Brief.
In the listing beneath this line, copy exactly the lines starting with the one containing "Giỏ có thể cung" and going on through the one containing "The Venusaur 2012".

Source records.
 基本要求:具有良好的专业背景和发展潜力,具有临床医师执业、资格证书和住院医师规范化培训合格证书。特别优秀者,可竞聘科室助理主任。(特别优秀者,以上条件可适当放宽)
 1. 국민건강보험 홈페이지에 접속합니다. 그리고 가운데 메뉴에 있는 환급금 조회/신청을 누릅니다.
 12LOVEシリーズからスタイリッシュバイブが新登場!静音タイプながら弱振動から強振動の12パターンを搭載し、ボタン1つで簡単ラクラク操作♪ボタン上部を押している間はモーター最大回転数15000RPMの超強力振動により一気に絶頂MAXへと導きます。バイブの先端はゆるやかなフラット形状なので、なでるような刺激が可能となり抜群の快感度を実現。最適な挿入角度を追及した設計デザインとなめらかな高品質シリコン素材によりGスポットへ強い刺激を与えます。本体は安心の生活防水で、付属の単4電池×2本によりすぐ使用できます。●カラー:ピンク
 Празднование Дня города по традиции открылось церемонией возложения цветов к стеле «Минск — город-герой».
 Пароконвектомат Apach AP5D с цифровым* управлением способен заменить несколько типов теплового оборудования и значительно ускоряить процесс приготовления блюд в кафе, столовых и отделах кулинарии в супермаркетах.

---

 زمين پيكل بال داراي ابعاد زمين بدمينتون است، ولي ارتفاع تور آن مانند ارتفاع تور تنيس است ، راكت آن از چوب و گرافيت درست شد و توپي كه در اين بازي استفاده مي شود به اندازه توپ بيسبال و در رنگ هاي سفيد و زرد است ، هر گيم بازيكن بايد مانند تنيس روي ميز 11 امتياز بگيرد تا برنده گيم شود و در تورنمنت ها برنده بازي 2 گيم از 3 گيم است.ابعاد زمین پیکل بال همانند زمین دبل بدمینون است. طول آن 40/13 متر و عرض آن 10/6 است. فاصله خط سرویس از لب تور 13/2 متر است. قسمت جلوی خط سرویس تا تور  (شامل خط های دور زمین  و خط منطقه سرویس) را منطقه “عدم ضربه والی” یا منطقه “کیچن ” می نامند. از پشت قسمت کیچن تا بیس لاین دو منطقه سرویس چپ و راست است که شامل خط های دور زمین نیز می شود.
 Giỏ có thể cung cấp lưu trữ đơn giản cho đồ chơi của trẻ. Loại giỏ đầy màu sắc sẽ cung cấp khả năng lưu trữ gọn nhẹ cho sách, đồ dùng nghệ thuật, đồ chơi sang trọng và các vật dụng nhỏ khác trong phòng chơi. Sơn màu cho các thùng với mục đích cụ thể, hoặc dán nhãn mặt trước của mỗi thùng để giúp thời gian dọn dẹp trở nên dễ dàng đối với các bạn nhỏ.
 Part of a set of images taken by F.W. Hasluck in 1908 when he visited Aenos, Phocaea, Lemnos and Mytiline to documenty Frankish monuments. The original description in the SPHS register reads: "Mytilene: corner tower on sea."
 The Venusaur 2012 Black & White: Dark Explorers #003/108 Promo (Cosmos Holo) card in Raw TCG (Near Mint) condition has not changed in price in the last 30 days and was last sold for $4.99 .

Solved exercise.
 Giỏ có thể cung cấp lưu trữ đơn giản cho đồ chơi của trẻ. Loại giỏ đầy màu sắc sẽ cung cấp khả năng lưu trữ gọn nhẹ cho sách, đồ dùng nghệ thuật, đồ chơi sang trọng và các vật dụng nhỏ khác trong phòng chơi. Sơn màu cho các thùng với mục đích cụ thể, hoặc dán nhãn mặt trước của mỗi thùng để giúp thời gian dọn dẹp trở nên dễ dàng đối với các bạn nhỏ.
 Part of a set of images taken by F.W. Hasluck in 1908 when he visited Aenos, Phocaea, Lemnos and Mytiline to documenty Frankish monuments. The original description in the SPHS register reads: "Mytilene: corner tower on sea."
 The Venusaur 2012 Black & White: Dark Explorers #003/108 Promo (Cosmos Holo) card in Raw TCG (Near Mint) condition has not changed in price in the last 30 days and was last sold for $4.99 .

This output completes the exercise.